Отзыв: Книга "Кроткая" - Ф.М. Достоевский - Размышления над "горсткой крови"
Достоинства: Гениальное произведение гениального писателя – этим всё сказано.
Недостатки: Недружелюбная манера изложения.
Последнюю черту, за которой поджидают холодный мрак, гробовая доска, слёзы скорби и квёлое опустошение, можно представлять по-разному. Ею может быть невыносимая тирания; беспросветное и обречённое существование; затянувшийся душевный кризис; крах личной и единственно значимой веры; каменное и каждодневное равнодушие. Всё это ужасные в своей очевидности, цепкости и могуществе явления. Особенно сильные в слиянии они провоцируют раскопки памяти, изъеденной ржавчиной тщеславия. Накладывает отпечаток и профессия ростовщика – бессердечного прокуратора несчастных, упёршихся в незримый тупик, душ, жертв опьянённого меркантильным могуществом маленького человечка с утлыми потребностями. Он у Достоевского един в двух лицах: палача и жертвы собственной жены, шагнувшей с подоконника навстречу страшному греху и единственно возможному высвобождению из удушливого, обманчиво богатого застенка. И в тот же час застыли в пожизненном осуждении стрелки часов самозваного владыки чужих невзгод. Ужасающий катарсис, фантастическая повесть, гениальное произведение патриарха русской литературы на заключительном этапе сочинительства.

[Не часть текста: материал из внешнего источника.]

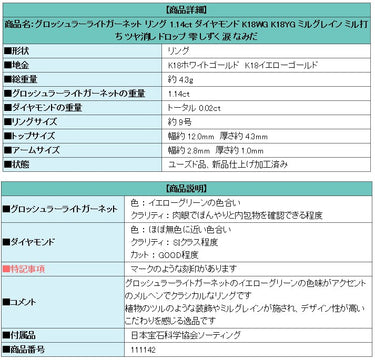 Product name: Grossularite Garnet Ring 1.14ct Diamond K18WG K18YG Milgrain Milled Matte Drop Droplet Tear
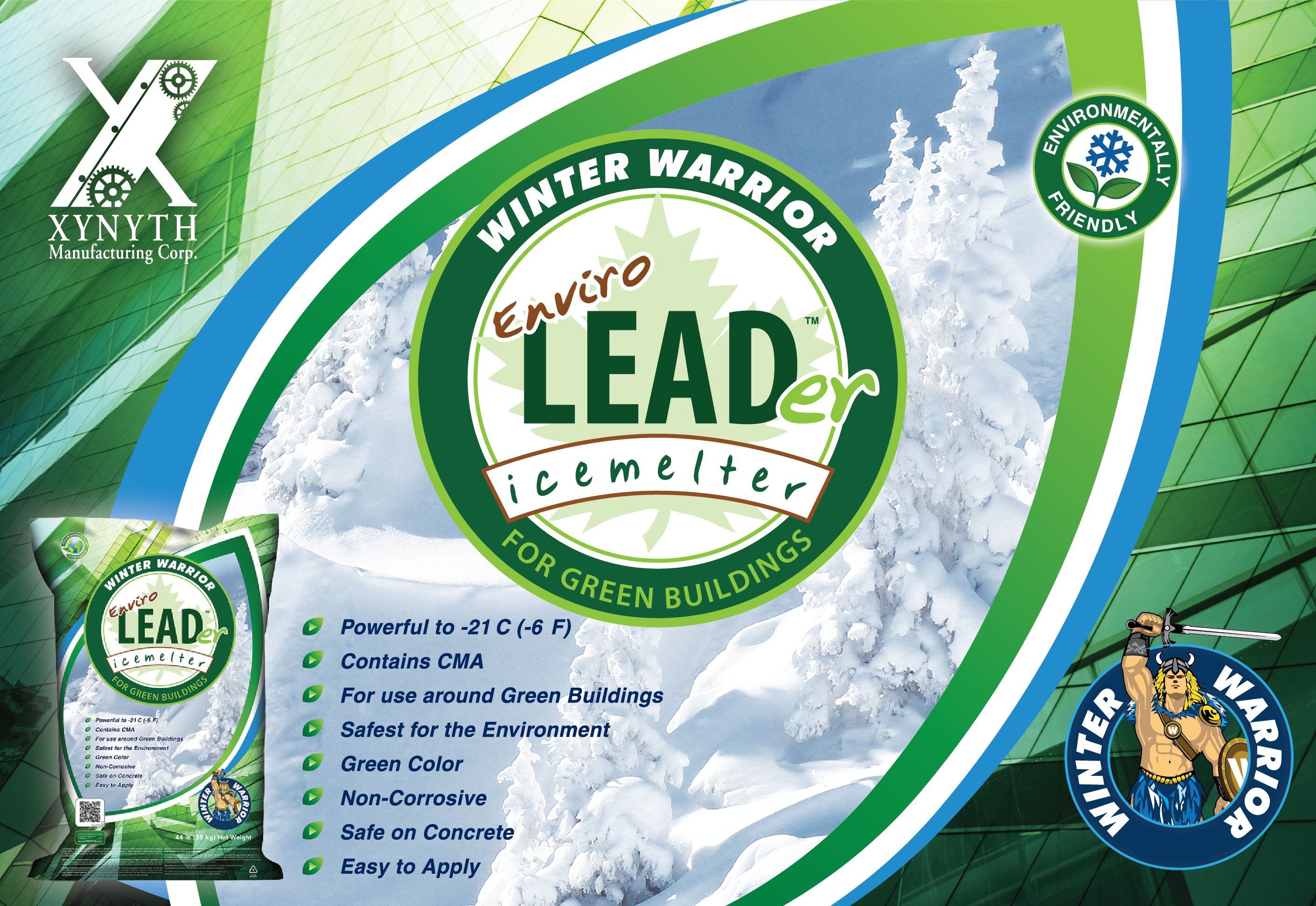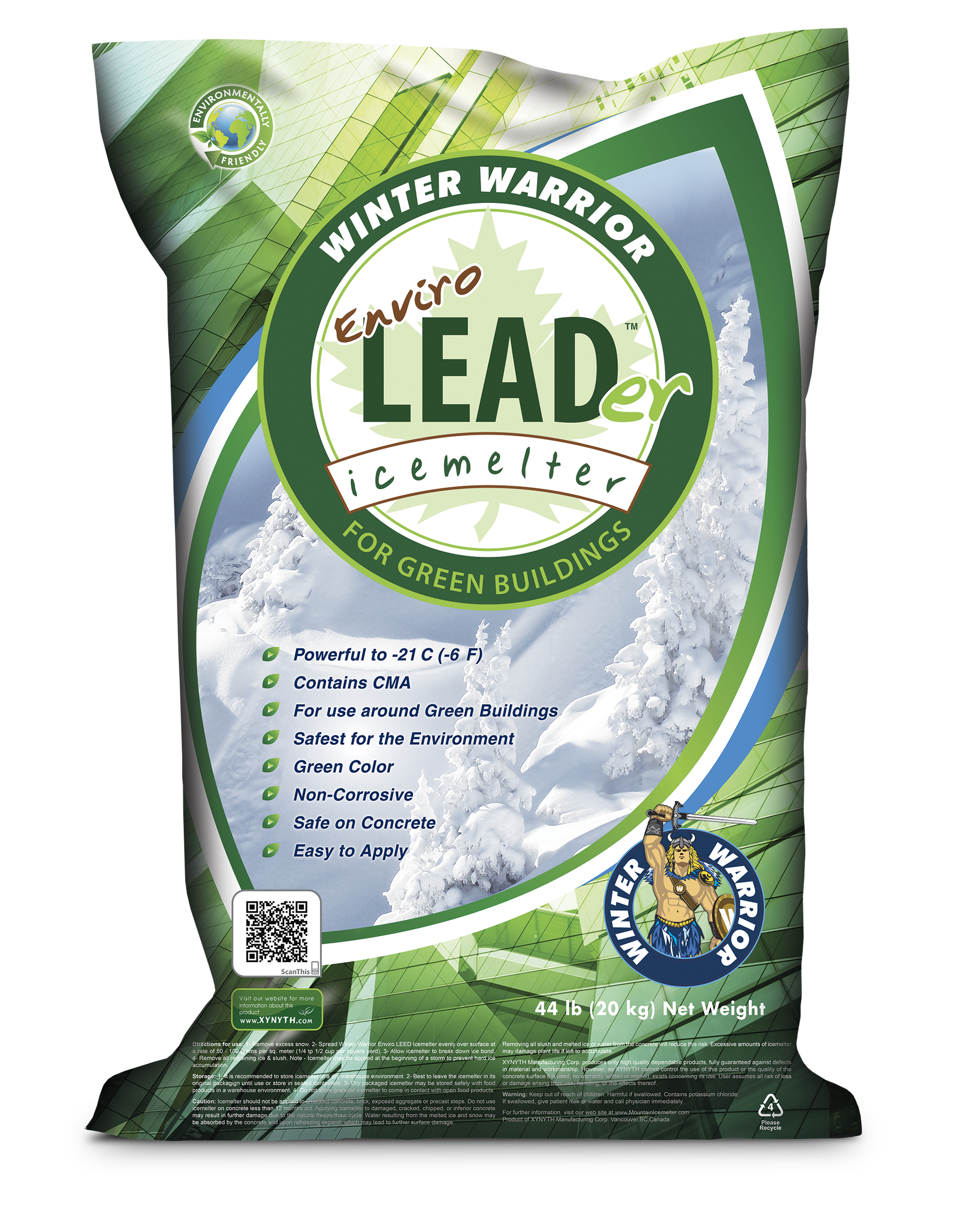 Introducing Winter Warrior Enviro LEADer by XYNYTH, the ultimate eco-friendly ice melt solution. Engineered for performance, it tackles ice in temperatures as low as -21°C (-6°F) with its powerful formula containing CMA. Designed for use around LEED (green) buildings, it's the safest choice for the environment, non-corrosive, and concrete-safe application.

О «Кроткой» хочется рассуждать как о мимолётном знакомстве с заезжей знаменитостью, произведшей неизгладимое впечатление – с обидным чувством сухости слов, что не способны выразить чувства во всей полноте. Страх утопающего в колючем озере тоски не ощутить стоя на земле, но горечь раскаяния знакома каждому, кто совершил тяжёлую ошибку и не в силах её исправить. Никакие предупреждения автора о происхождении «фантастичности» не смягчают наносимый удар при осознании замещения события свадьбы актом порабощения воли и слома сознания. Они дополняют, углубляют и искажают первоначально однозначный смысл «кротости». Достоевский обходится без имён, выбирает вместо плавного тона сумбурные скачки из настоящего в прошлое, равняет терпение с пыткой, а долгое молчание - с мучительной казнью. Если юный Вертер страдал от обречённой любви, то неназваный ростовщик – от бессмысленной. Не способен любить человек, свято верящий в силу принуждения, однако какое-то понимание о душевной привязанности у него всё ж имеется. И дебрям этого извращённого толкования посвящена большая часть небольшой книги, повергающей в растерянную печаль.

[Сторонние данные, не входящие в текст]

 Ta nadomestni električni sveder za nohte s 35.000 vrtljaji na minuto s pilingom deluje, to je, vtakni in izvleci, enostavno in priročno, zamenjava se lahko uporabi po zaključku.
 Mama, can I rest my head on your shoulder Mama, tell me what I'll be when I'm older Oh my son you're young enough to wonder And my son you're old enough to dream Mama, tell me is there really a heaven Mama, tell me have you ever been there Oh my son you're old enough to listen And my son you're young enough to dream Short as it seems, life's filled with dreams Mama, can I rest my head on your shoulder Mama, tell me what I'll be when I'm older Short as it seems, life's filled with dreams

Выдающийся аскетизм Достоевского в прописывании деталей побуждает домысливать, фантазировать и рисовать образы самостоятельно. Особенно, конечно, самой Кроткой, как хрупкого воплощения поломанной, но не сломленной воли. Её последний толчок к самоубийству, есть первый – к возвращению человечности того, на ком замкнулась истерзанная судьба. Шансы на успех невелики, но пока виновник происшествия мыслит, он существует. Вопрос в том, ради чего, если человека больше нет, а боль расползается по всему телу, парализуя члены? Как ни странно, ради прощения. Ни один мучитель не способен быть таким жестоким, как совесть, коварно подбрасывающая одно за другим воспоминания. Очень важна история ростовщика, его прошлое, комплексы, застарелые обиды и нереализованные мечты. Они всем скопом или по отдельности способны жечь сознание калёным железом, а писатель ещё и подталкивает к мысли о вредности подмены понятий и попыток представить любовь сковывающей связью с казёнными представлениями о счастье каждого прожитого дня. При помощи всего двух фигур, крепостника и крепостной, Достоевский предопределяет участь типичного диктатора, возомнившего себя воплощением Всевышнего.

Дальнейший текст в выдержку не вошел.